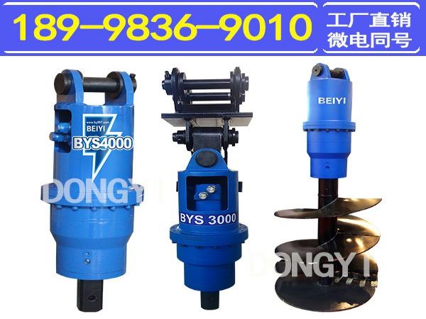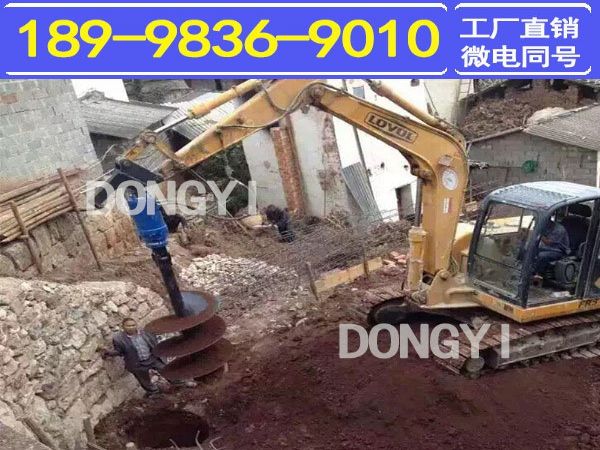 挖掘机螺旋钻机安装拆卸方便。挖掘机小臂不用拆卸,直接类似挂破碎锤一样,管路系统都可以共用,真正实现一机三用——挖、破、钻。拆卸时间和换斗时差不多。左右有摆动角度36°。当挖掘机在工地不平坦的情况下,挖机手可根据位置不同调整钻杆角度,保持90°垂直下钻,而挖改则不能调整,挖掘机是斜的就只能钻斜孔。 作业半径大。因为小臂不拆,它的作业半径至少可以比挖改延长作业半径2-3米,且平打孔、仰角打孔、竖打孔都可以实现。我们螺旋钻机可以根据不同配车进行改装,只要您提供对应的配车我们给到您合适的方案可以进行改装,产品内部给您做一个简单介绍,动力机头内部采用引进的是美国进口的马达提供足够动力,同时机头也是我们的核心产品,齿轮箱采用两层变速齿轮提供动力变速,确保齿轮正常运转,大大增加适用性,解决全球不同地方不同土质的施工现场,输出轴承采用非移位轴,确保桩孔精度和使用寿命.托架介绍:起移动托举的作用,在施工过程中避免不良操作震动带给机身损害,以上为螺旋钻机部分介绍,如果有疑问,欢迎来电咨询。螺旋钻机采用挖掘机,装载机,铲车,钩机作为动力适用于种树挖坑、电线杆坑钻孔、钻孔直径径范围为:200mm-1200mm。适用于直接钻孔立杆的工程,也适用于在坑中下卡盘的钻孔工程。该机同时适用太阳能光伏发电中支架安装时的钻孔工程,将钻杆卸下后安装特定连接头可直接用于螺旋桩的安装。同时该机也被称作为打桩机,在农村房屋改造工程中,该机可以用于桩基的钻孔。该机充分实现了一机多用的功能,大大提高了实用性。螺旋钻机,主要由驱动头和钻头组件构成,驱动头与钻头组件固定连接,钻头组件包括钻杆、包绕着钻杆的螺旋叶片、以及设置在钻杆末端的钻头,所述的螺旋叶片的底端设置有钻齿。
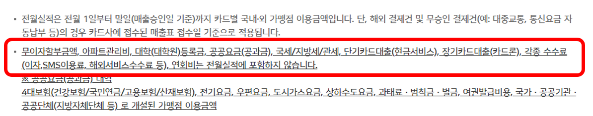 전월 실적 40만원 이상 이용 시 10,000원 할인... 이면
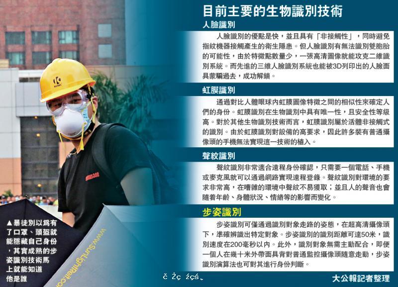 亂港分子接連發動暴力衝擊,口罩、頭盔成了他們隱藏身份的工具。《大公報》上周作專題報道指出,「蒙面暴徒」始於2016年旺角暴動,通過戴口罩或蒙面以逃避警方追捕。然而,今時今日蒙面已不能阻礙「認人」,內地最近研發出僅通過行走步姿...[详细]
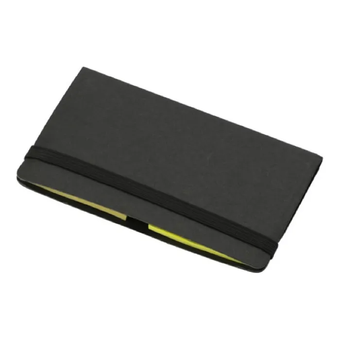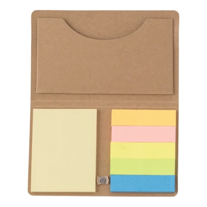 Set memo con memo sticker in vari colori e dimensioni, portatessere interno e chiusura ad elastico.
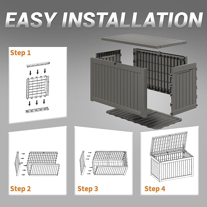 - ☔ Weatherproof & Durable Construction Built with high-quality resin, this waterproof deck box offers superior protection against UV rays, rain, snow, and extreme temperatures. Its fade-resistant and rustproof design ensures longevity, while the double-wall construction adds extra sturdiness. No matter the season, your outdoor storage container will maintain its sleek look while keeping your items dry and well-protected.
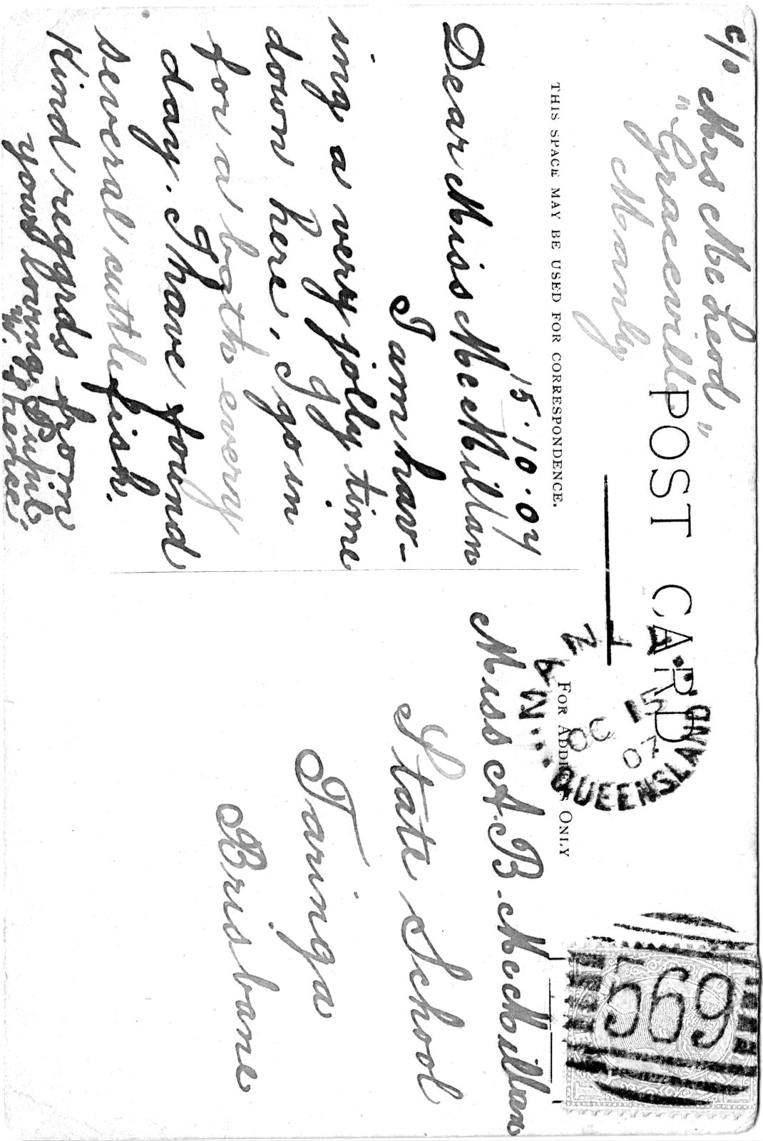 Manly Sideface Barred Numeral Type 2b (9.5 mm) rated Rare. Dated 15 October 1907. Seen in a private collection
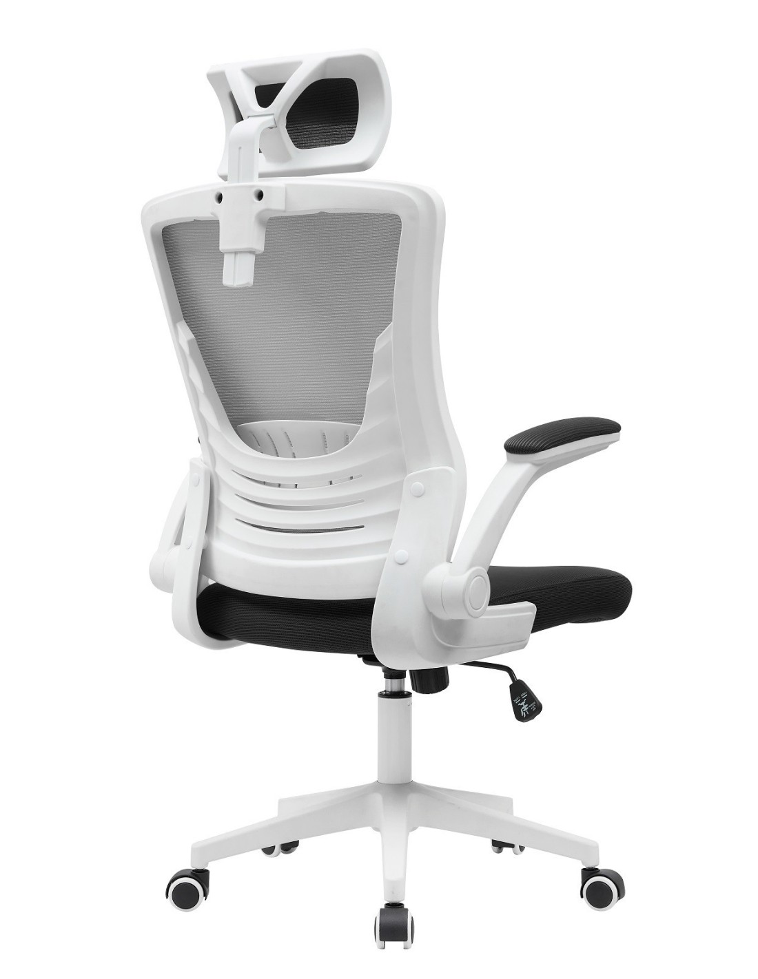 Sillón de oficina LAURO, alto, blanco, malla gris, asiento negro
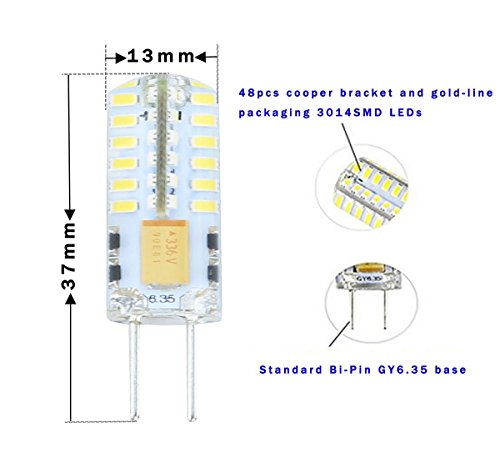 Instant-on to full brightness, no flicker, no buzzing sound. Standard Bi-Pin GY6.35 base (Length of pin is 9.8mm,Distance between two pins is 6.35mm)
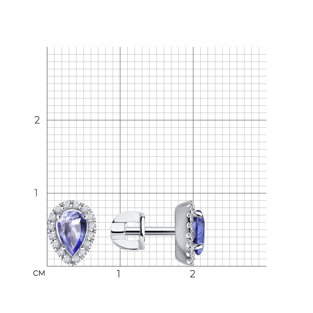 Серьги пусеты из белого золота с танзанитами и бриллиантами
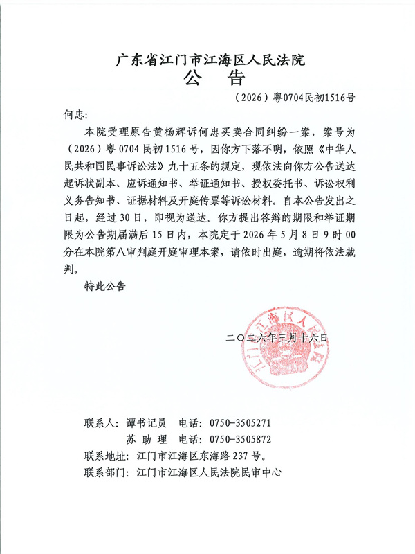 公告(2026)粤0704民初1516号
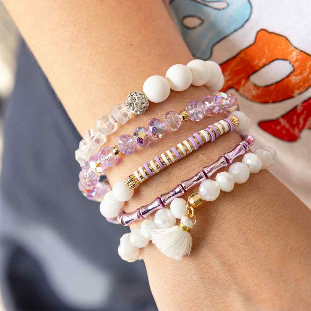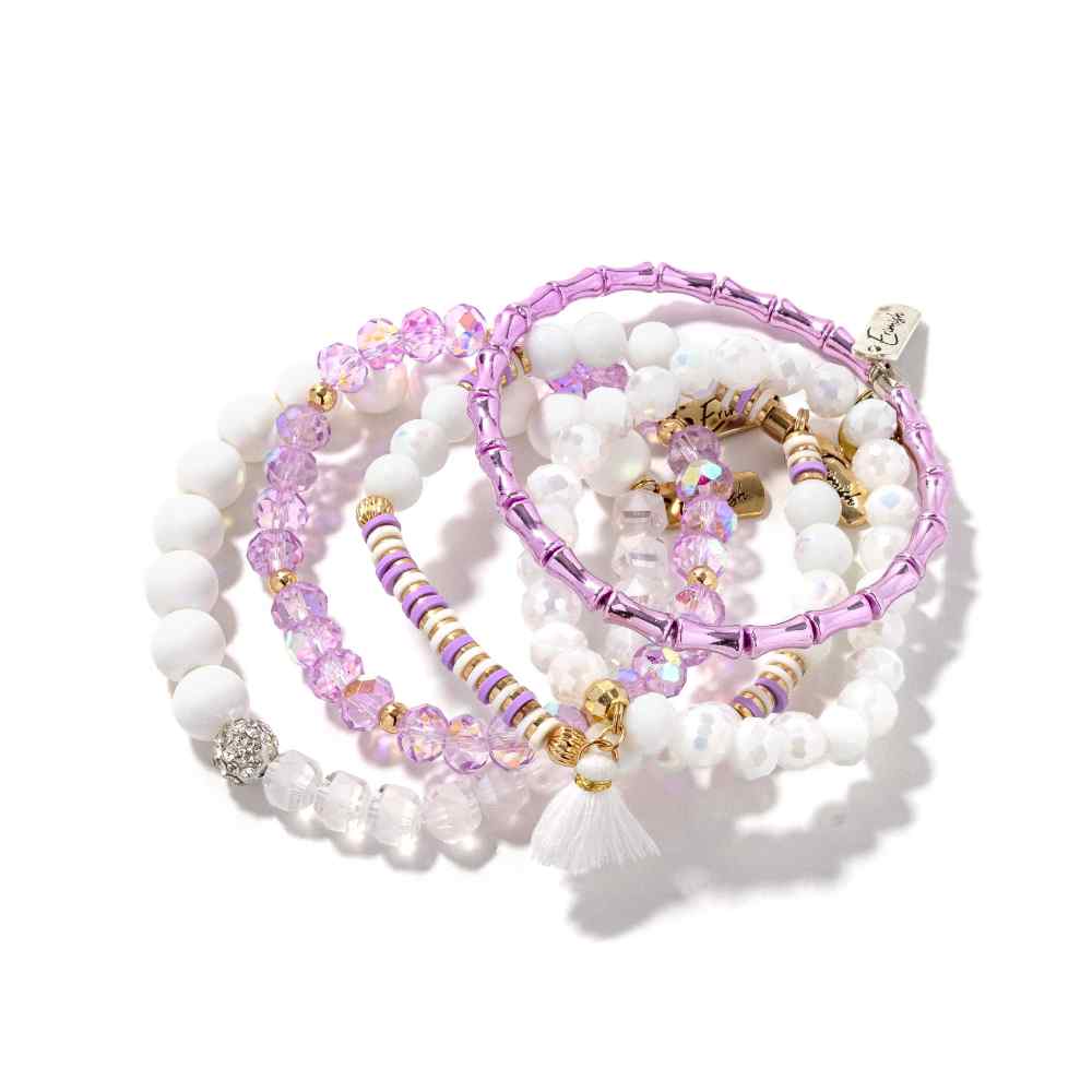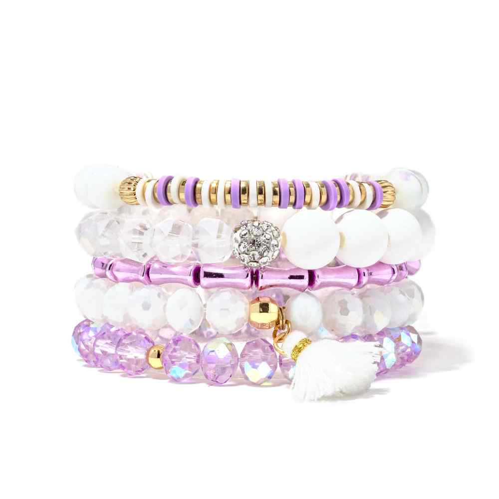 • Violet: This bracelet stack features soft shades of purple and an array of sparkly beads

> TASK ITEM
In the answer, set down only the lines from the opening line of the listing through the line that holds "Instant-on to full", exactly as they appear, minus the pictures.

> WRITTEN RESPONSE
 挖掘机螺旋钻机安装拆卸方便。挖掘机小臂不用拆卸,直接类似挂破碎锤一样,管路系统都可以共用,真正实现一机三用——挖、破、钻。拆卸时间和换斗时差不多。左右有摆动角度36°。当挖掘机在工地不平坦的情况下,挖机手可根据位置不同调整钻杆角度,保持90°垂直下钻,而挖改则不能调整,挖掘机是斜的就只能钻斜孔。 作业半径大。因为小臂不拆,它的作业半径至少可以比挖改延长作业半径2-3米,且平打孔、仰角打孔、竖打孔都可以实现。我们螺旋钻机可以根据不同配车进行改装,只要您提供对应的配车我们给到您合适的方案可以进行改装,产品内部给您做一个简单介绍,动力机头内部采用引进的是美国进口的马达提供足够动力,同时机头也是我们的核心产品,齿轮箱采用两层变速齿轮提供动力变速,确保齿轮正常运转,大大增加适用性,解决全球不同地方不同土质的施工现场,输出轴承采用非移位轴,确保桩孔精度和使用寿命.托架介绍:起移动托举的作用,在施工过程中避免不良操作震动带给机身损害,以上为螺旋钻机部分介绍,如果有疑问,欢迎来电咨询。螺旋钻机采用挖掘机,装载机,铲车,钩机作为动力适用于种树挖坑、电线杆坑钻孔、钻孔直径径范围为:200mm-1200mm。适用于直接钻孔立杆的工程,也适用于在坑中下卡盘的钻孔工程。该机同时适用太阳能光伏发电中支架安装时的钻孔工程,将钻杆卸下后安装特定连接头可直接用于螺旋桩的安装。同时该机也被称作为打桩机,在农村房屋改造工程中,该机可以用于桩基的钻孔。该机充分实现了一机多用的功能,大大提高了实用性。螺旋钻机,主要由驱动头和钻头组件构成,驱动头与钻头组件固定连接,钻头组件包括钻杆、包绕着钻杆的螺旋叶片、以及设置在钻杆末端的钻头,所述的螺旋叶片的底端设置有钻齿。
 전월 실적 40만원 이상 이용 시 10,000원 할인... 이면
 亂港分子接連發動暴力衝擊,口罩、頭盔成了他們隱藏身份的工具。《大公報》上周作專題報道指出,「蒙面暴徒」始於2016年旺角暴動,通過戴口罩或蒙面以逃避警方追捕。然而,今時今日蒙面已不能阻礙「認人」,內地最近研發出僅通過行走步姿...[详细]
 Set memo con memo sticker in vari colori e dimensioni, portatessere interno e chiusura ad elastico.
 - ☔ Weatherproof & Durable Construction Built with high-quality resin, this waterproof deck box offers superior protection against UV rays, rain, snow, and extreme temperatures. Its fade-resistant and rustproof design ensures longevity, while the double-wall construction adds extra sturdiness. No matter the season, your outdoor storage container will maintain its sleek look while keeping your items dry and well-protected.
 Manly Sideface Barred Numeral Type 2b (9.5 mm) rated Rare. Dated 15 October 1907. Seen in a private collection
 Sillón de oficina LAURO, alto, blanco, malla gris, asiento negro
 Instant-on to full brightness, no flicker, no buzzing sound. Standard Bi-Pin GY6.35 base (Length of pin is 9.8mm,Distance between two pins is 6.35mm)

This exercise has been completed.